If you don’t live near the Atlantic or the Gulf Coast, you probably didn’t know why June 1 is such an important date for me until I told you. I wouldn’t expect you to be thinking about hurricane season. The burden of vigilance falls on those who live in the hurricane zone. And when I moved to the Gulf South almost 20 years ago, I did so with the understanding that I was accepting this burden.
Disclaimer: All analogies break down and I will admit that this one has many flaws. I couldn’t help but think about this minor burden I carry a few months of the year as I talked with black friends about racial violence and discrimination this week. More than one of my friends expressed the heavy burden of vigilance they carry each day of their lives. Though I should be more aware of their burden, I can get lost in my own little world and fail to think about the years of racism and discrimination each of them has faced.

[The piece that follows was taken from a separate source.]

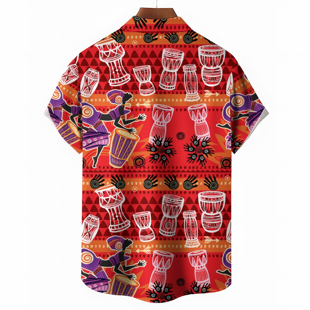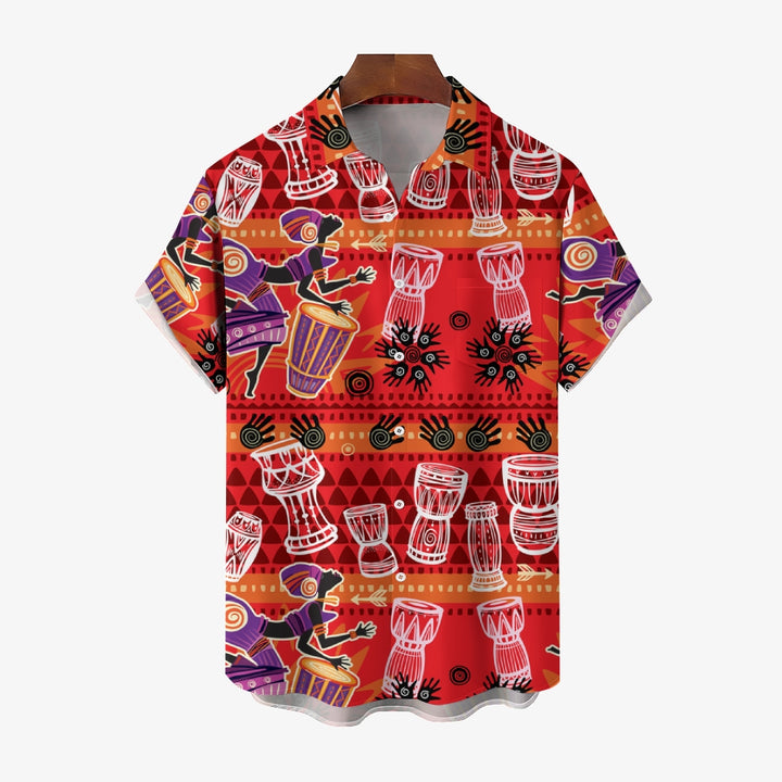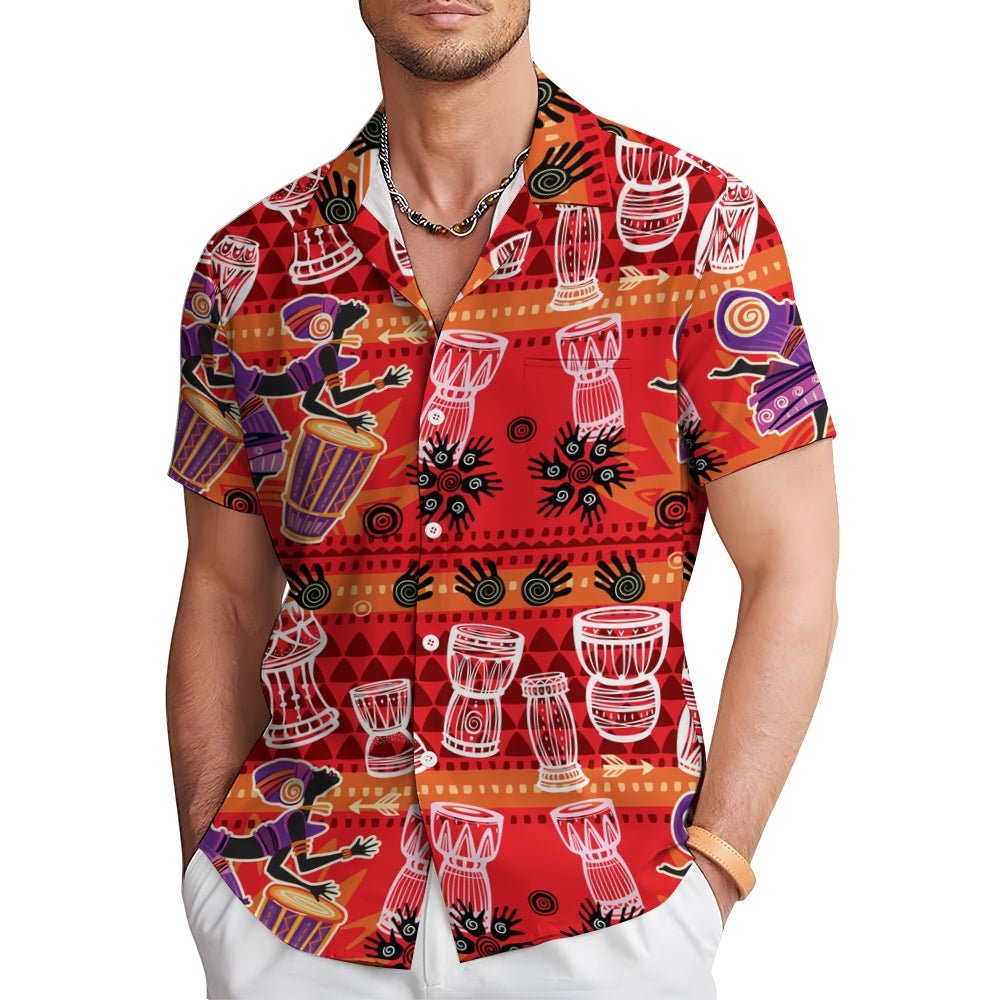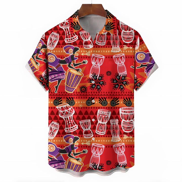 Men's Tribal Drum Art Casual Short Sleeve Shirt 2403000920

One friend said through tears, “I’m just tired. When is this going to end? This is a heavy burden.”
And unlike my “burden of vigilance” during hurricane season, my black friends do not have a choice about their vigilance. They have to keep a watchful eye because of the actions of others and unjust systems in America.
Think about these instances: A black man named Christian Cooper was bird-watching in Central Park and asked another park visitor (a white woman named Amy Cooper) to leash her dog. The woman, who was in the wrong about the leash, called the police to report that a black man was “threatening her life.” Thankfully, the man was recording the incident on his phone. Tim Duncan, a black man who serves as the athletics director at the University of New Orleans (UNO), was casually walking with his wife near his own house in Newton, Mass. when police officers stopped him with weapons drawn. They told him that he fit the description of a robbery suspect that had been reported in Boston. “Black male” was the description. Duncan said he shared what happened to him not to call attention to himself but in hopes that the athletes at UNO (of all races) would begin a dialog together about race in American.

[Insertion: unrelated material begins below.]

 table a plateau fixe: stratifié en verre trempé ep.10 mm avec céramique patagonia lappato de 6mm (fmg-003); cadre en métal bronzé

We are horrified by the struggling voice of George Floyd – crying out for help as his life was taken. But seeing that terrible event does not show us the wide extent of racism. Neither does the back and forth we are seeing on social media. It is the Cooper/Cooper interaction and Duncan’s story that give us a glimpse at the breadth of the problem. Racial prejudice does not simply rear its ugly head in the most horrifying of cases. The troubling reality is racism’s presence in the simple and mundane things of life – like bird-watching or walking in your neighborhood. One of my black friends said it so concisely – “Amy Cooper weaponized race.” It is a daily struggle … a daily burden.

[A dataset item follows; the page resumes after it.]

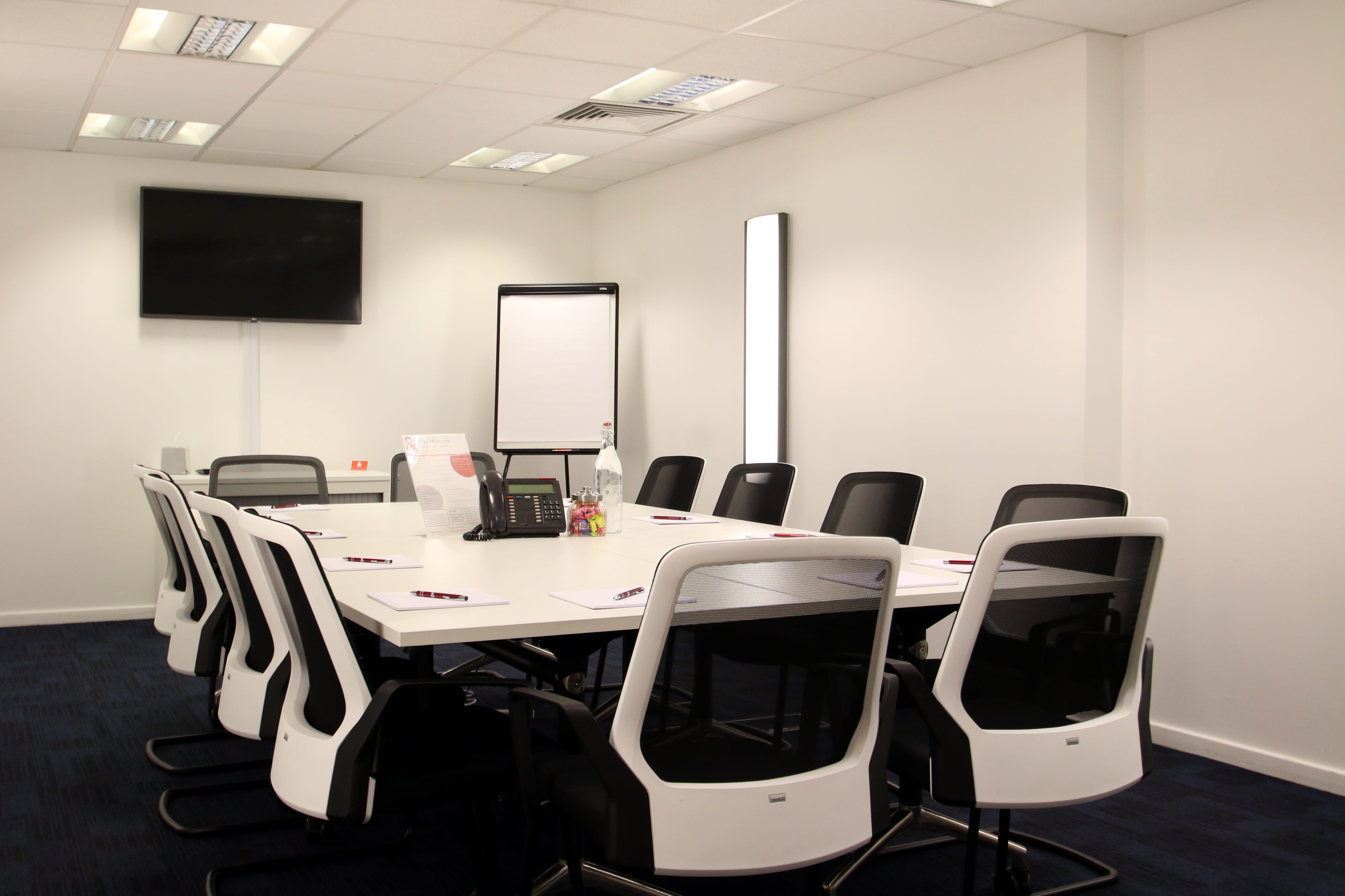 Seats up to 12 people AV equipment included Unlimited tea, coffee and water included Secure WiFi Telephone Catering options available

America has placed a heavy burden on our black friends and neighbors. They have to keep their guard up in ways we will never fully understand. Families just like mine in every way except one — the color of their skin — must plan for potential racially-motivated scenarios every time they leave home. Me, I simply go. I don’t carry the burden they do. It is time to listen. And it is time that we recognize and work to alleviate their burden.